Trade Bodies Rule

What the heck has happened to the industry’s trade bodies? And can we all have a sip of whatever it is they’ve been drinking?

Once upon a time I was pleased to represent the agencies’ trade bodies (the UK’s IPA, and the EACA across Europe) on various media industry bodies – including some of the audience measurement joint industry management committees.

To be quite honest, back in the dark ages you could assume the following:

  • Those on the agency side were doing it because they wanted to, as individuals. Speaking personally, I don’t think any agency I ever worked for encouraged me to do this stuff; I did it because I was interested and thought it worthwhile. I’m certain back then the same could be said for other agency representatives.
  • On the sales side there was a deep loathing of change. New initiatives meant the risk of change. Change could reduce gross audiences. Gross audiences equalled money.
  • On the advertiser side, ISBA very largely meant Procter and Gamble – who contributed to everything (and thus got their way on most things).

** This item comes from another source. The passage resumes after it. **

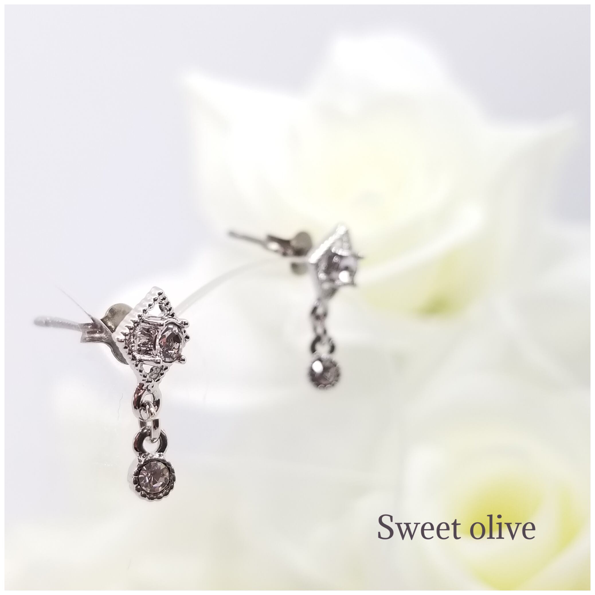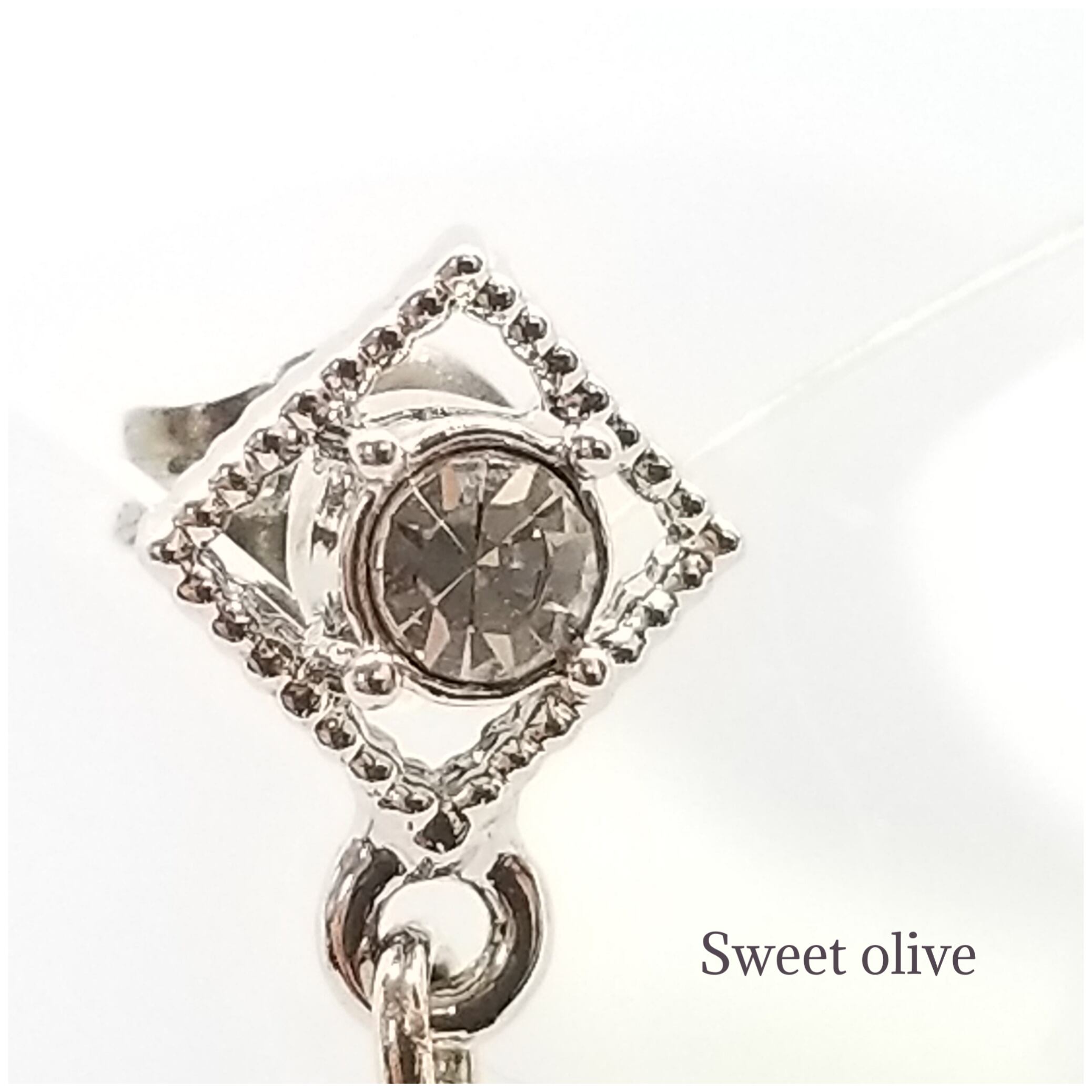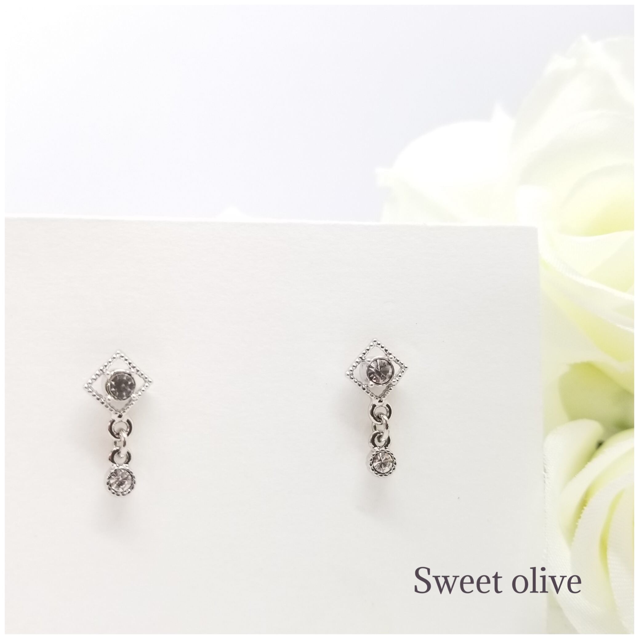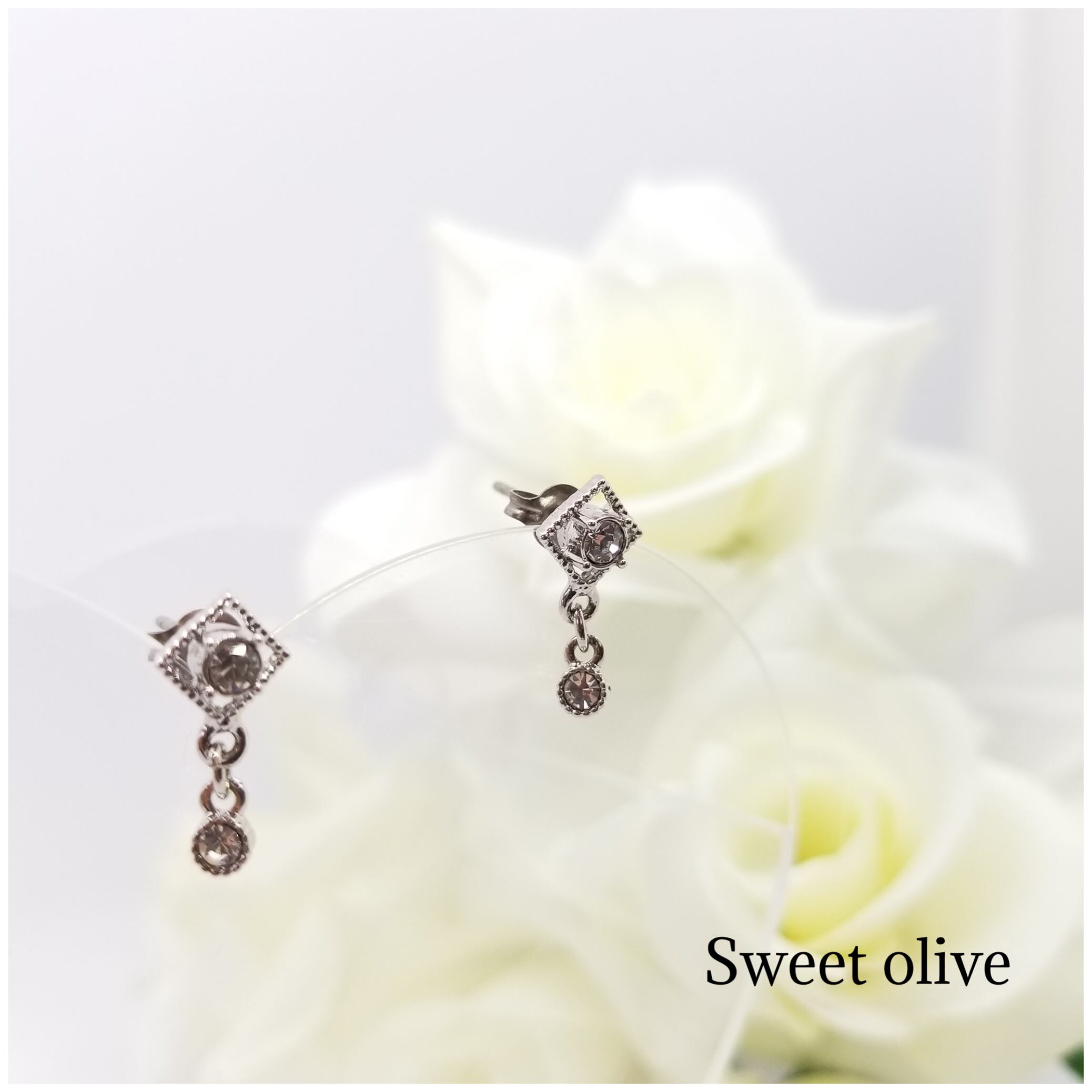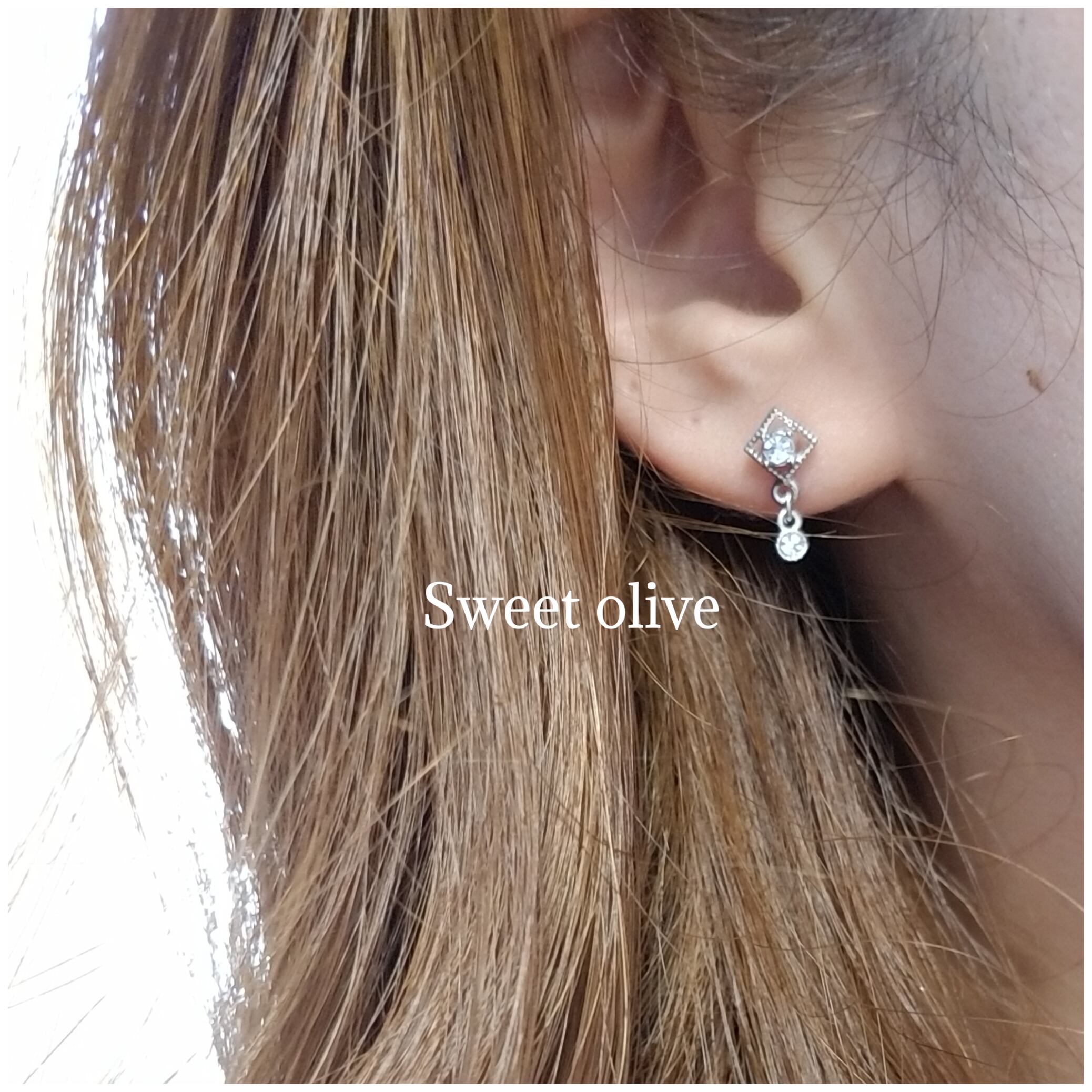 スクエアの中央にカットガラスを使い、一粒キラッと輝くシンプルなピアスに仕上げました♪

You could also assume that vendor trade bodies were biased, poorly resourced and driven by a few individuals at their most powerful members. When they did do original work, it was instantly decried and very largely ignored.

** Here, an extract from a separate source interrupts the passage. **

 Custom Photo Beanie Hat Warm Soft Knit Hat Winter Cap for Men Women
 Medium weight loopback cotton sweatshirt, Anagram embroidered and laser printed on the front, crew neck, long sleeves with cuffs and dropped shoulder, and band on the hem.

Thought leadership was the province of those objective folk at the big agencies. They were forever popping up on TV, on the radio and in the national press expressing their opinions on this and that (older Cog Blog readers will remember I did more than my fair share of ‘this-ing and that-ing’).

And now look! The large network agencies are no longer thought-leading, their public utterances frequently exposed as being one or more of:

  • Self-serving
  • So far removed from their day-to-day operations as to be almost in a different building or, in one or two cases on a different planet
  • Driven by a distant holding company agenda

Meanwhile, on the advertiser side ISBA, their US-equivalent the ANA, and the global WFA are setting the pace, with the network agencies dutifully following along (or, in the case of ISBA’s original media agency framework initiative, being dragged along) in their wake. Yes, P&G is still prominent, but they are no longer alone.

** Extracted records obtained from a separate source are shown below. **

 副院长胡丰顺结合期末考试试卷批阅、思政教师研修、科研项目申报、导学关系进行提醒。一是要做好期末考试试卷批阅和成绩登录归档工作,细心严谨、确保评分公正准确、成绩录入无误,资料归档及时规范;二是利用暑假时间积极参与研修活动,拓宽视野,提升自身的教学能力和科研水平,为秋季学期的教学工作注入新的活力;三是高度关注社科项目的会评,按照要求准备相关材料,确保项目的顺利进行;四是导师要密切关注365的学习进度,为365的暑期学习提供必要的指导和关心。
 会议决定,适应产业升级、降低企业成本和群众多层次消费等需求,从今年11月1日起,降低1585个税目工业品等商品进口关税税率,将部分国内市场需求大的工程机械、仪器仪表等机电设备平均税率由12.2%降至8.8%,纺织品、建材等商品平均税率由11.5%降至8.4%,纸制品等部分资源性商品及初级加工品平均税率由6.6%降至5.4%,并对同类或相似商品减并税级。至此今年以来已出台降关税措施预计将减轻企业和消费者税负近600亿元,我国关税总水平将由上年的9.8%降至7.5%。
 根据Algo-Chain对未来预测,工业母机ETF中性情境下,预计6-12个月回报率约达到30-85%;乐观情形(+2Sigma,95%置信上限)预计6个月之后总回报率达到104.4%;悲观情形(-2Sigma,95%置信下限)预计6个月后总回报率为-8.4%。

The trade bodies Newsworks, Thinkbox and The Radio Centre (I’m quoting UK bodies more from familiarity and general ignorance than anything else) are driving the research agenda by doing fascinating work that advances thought and drives (or should drive) action, as Mark Ritson points out.

Consultancies like Ebiquity (remember when they used to be ‘just’ a media auditor?), and ID Comms, and individual initiatives (like Karen Nelson-Field’s work on attention and Nick Manning’s call for more responsibility in advertising) are making us all think.

Research agencies (like Kantar Media, IPSOS Connect, MESH and others) are doing original work on such as context, and how trust impacts news.

Within these debates the large media agencies are fast becoming an irrelevance. Which is not good as clients don’t pay for irrelevance.


1 Comment
  1. Brian – In the past few years there have been several blockbuster stories about the advertising industry: e.g., ad fraud; brand safety; viewability issues; kickbacks; billing irregularities; dodgy metrics; and corruption. Not a single revelation has emanated from the people who are the closest to the problems — the agencies. How can this be possible? They are either willfully ignorant of the problems or complicit in them. This is why prudent clients no longer trust us.